ABOUT THIS TASK
Given the entries below, would you transcribe exactly the lines starting at the one with "This is not" and ending at the one with "胸回りのパワーネットでバスト", both kept, pictures omitted, nothing extra?

Recorded data
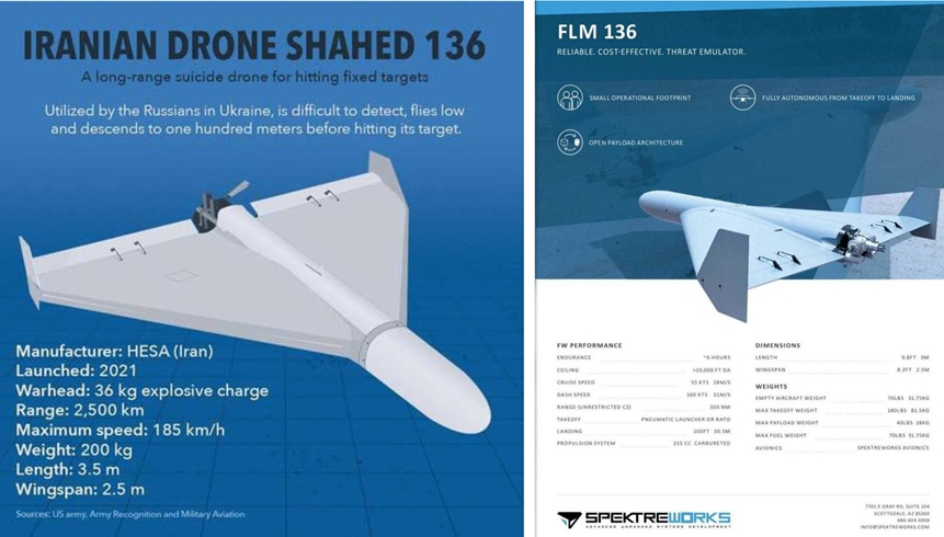 Станува збор за новиот дрон „камикази“ со еден мотор на Пентагон „ФЛМ-136 Лукс“. Дронот, произведен од американската компанија „SpektreWorks“, се смета за речиси директна копија на иранскиот „Шахид-136“.
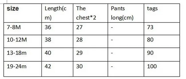 Kids US Size Clothe Length (cm) clothes Chest (cm) Sleeve Length (cm) Tag Size Suitable Height (cm) 6-9M 35 32 25 80/S 66-73 9-12M 37 33 26 90/M 73-80 12-24M 40 35 29 100/L 80-90 Please allow 1-3CM differences due … Read More
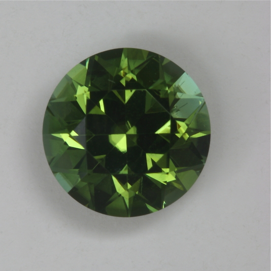 This is not a happy spring kind of green standard round brilliant. This medium toned green does try to get up in the yellowish light, but a touch of blue keeps it more sophisticated. It appears to be eye clean and with fine crystal. It weighs 2.25 carats.
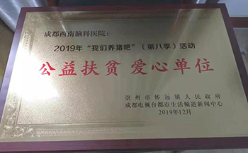 12月,荣获由崇州市怀远镇人民政府及成都电视台都市生活频道新闻中心联合颁发的“公益扶贫爱心单位”
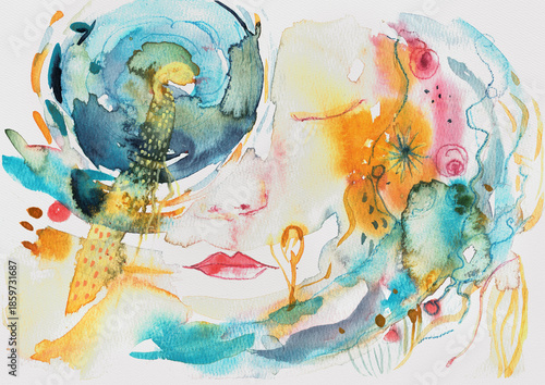 Abstract Figurative Watercolor Portrait with Organic Shapes and Expressive Color
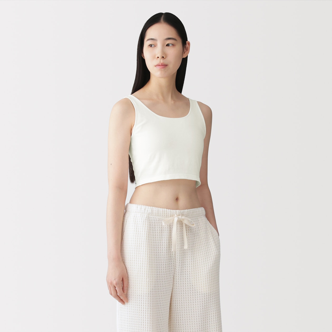 胸回りのパワーネットでバストのボリュームをおさえます。綿はオーガニックコットンです。
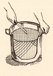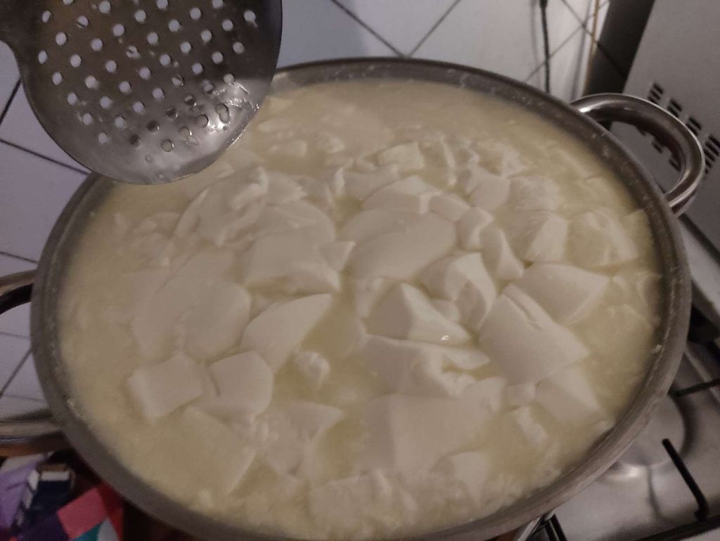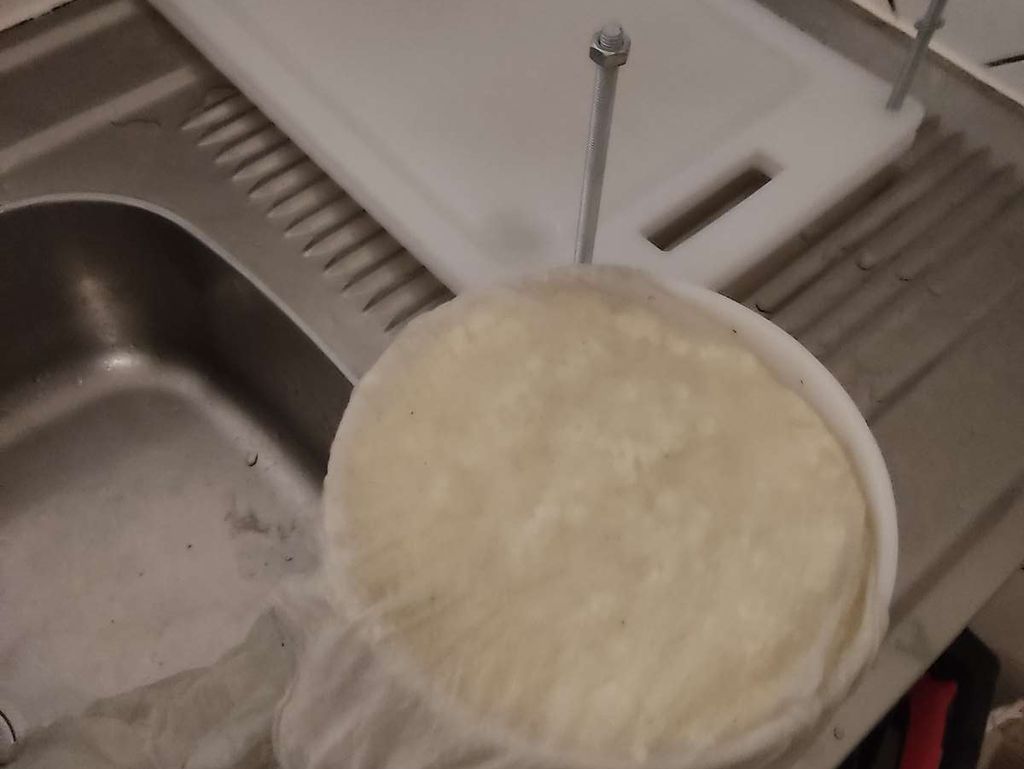 On retire donc 15-20% du contenu de la casserole en petit lait, perso j'ai viré 2,5L. Pour faire ça le plus simple c'est de foutre une passoire dans le chaudron et de venir récupérer avec un verre le petit lait, comme ça on évite de prendre en même temps des bouts de fromage. (Oubliez pas de la stériliser au préalable. Perso vu que c'est en plastoc : vinaigre blanchisée.)
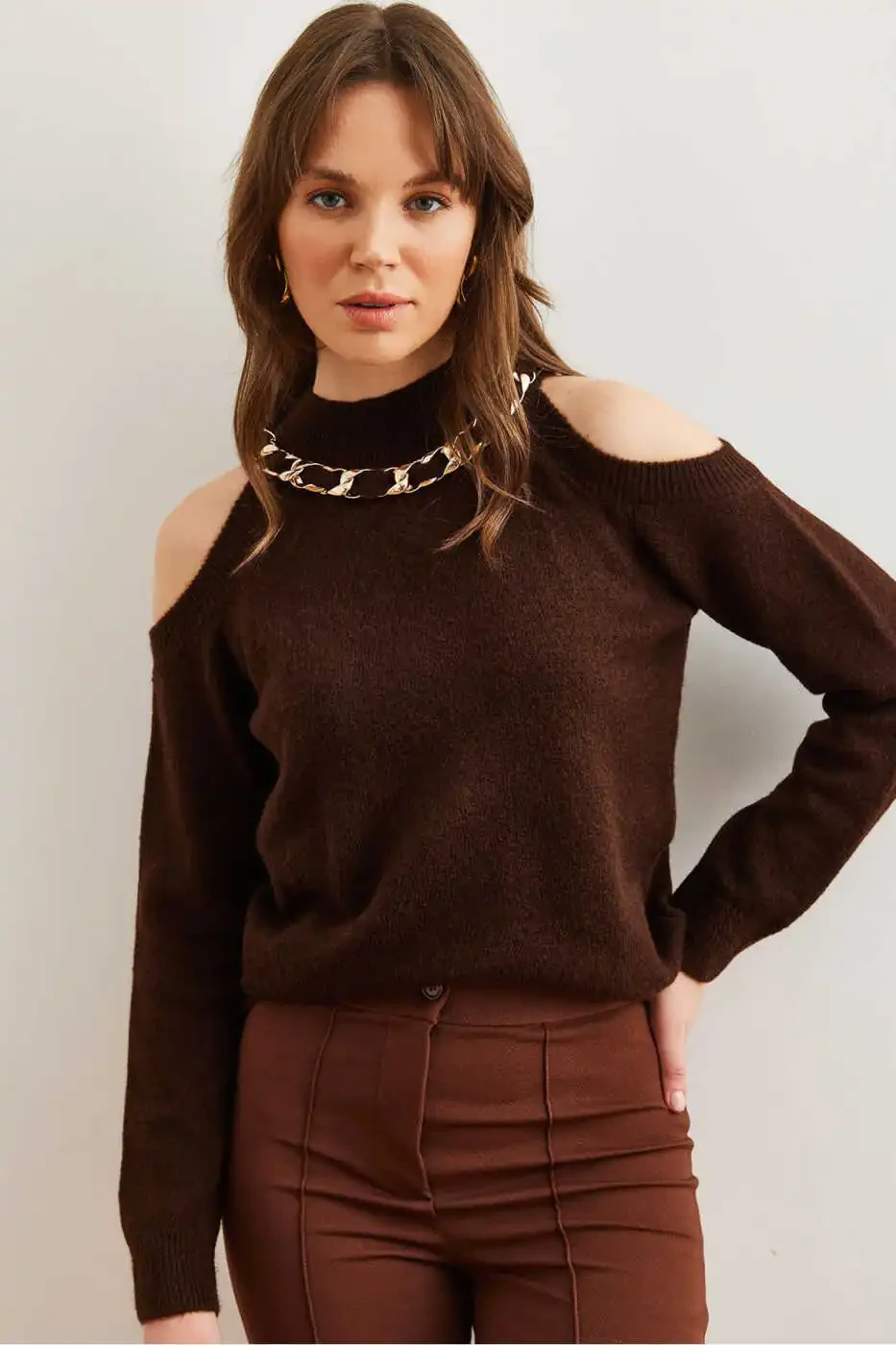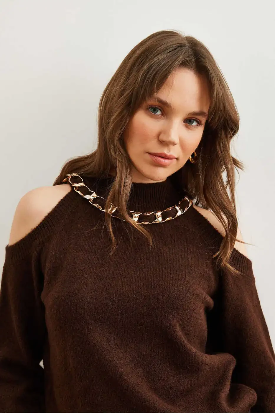 **Women's Bitter Coffee Thick Chain Detailed Soft Textured Knitted Sweater KZK-19000877**Shipped by **Trendyol -Olalook**, this women's knitted sweater impresses with its stylish bitter coffee color and thick chain details. Made of soft materials, including 70% acrylic, 20% polyester, and 10% elastane, this sweater is comfortable enough to wear all day long.**Size Information:*** Length/Chest: 52/50 cm**Model Measurements:*** Height: 1.73* Bust: 85* Waist: 63* Hips: 90**Size Worn by the Model:*** S/M**Please Note:*** Colors may vary slightly due to lighting differences in studio photography.* Free returns within 15 days.* Orders exceeding 10 units may be canceled by Trendyol.
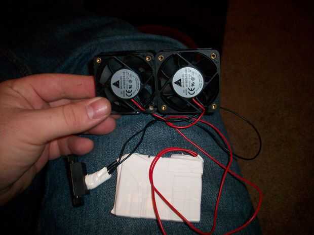 El siguiente paso es unir los dos ventiladores y a conectar todo.  Alambré lado negativo/tierra del ventilador para después interruptor a tierra/negativo de la batería y el lado positivo del ventilador a batería positivo. Terminé volviendo y cortar el alambre para que todo se ajuste en la lata Altoids.
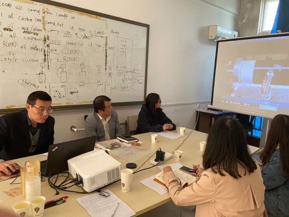 随后王乐军教授与焦明立教授、朱根兴博士及课题组研究生在酚醛纤维、蜜胺纤维制备及其性能,纤维产业化等方向进行了深入的探讨,王乐军教授针对相关问题,提出了下一步努力的方向。
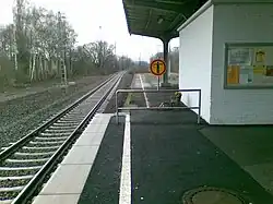 All trains to Essen operate on the northern track 1; trains to Bochum operate on platform 2. The central platform is 76 cm high and on it is a ticket machine and several display cases with current travel information. It is partially sheltered and is not accessible for the disabled.

EXPECTED OUTPUT
 This is not a happy spring kind of green standard round brilliant. This medium toned green does try to get up in the yellowish light, but a touch of blue keeps it more sophisticated. It appears to be eye clean and with fine crystal. It weighs 2.25 carats.
 12月,荣获由崇州市怀远镇人民政府及成都电视台都市生活频道新闻中心联合颁发的“公益扶贫爱心单位”
 Abstract Figurative Watercolor Portrait with Organic Shapes and Expressive Color
 胸回りのパワーネットでバストのボリュームをおさえます。綿はオーガニックコットンです。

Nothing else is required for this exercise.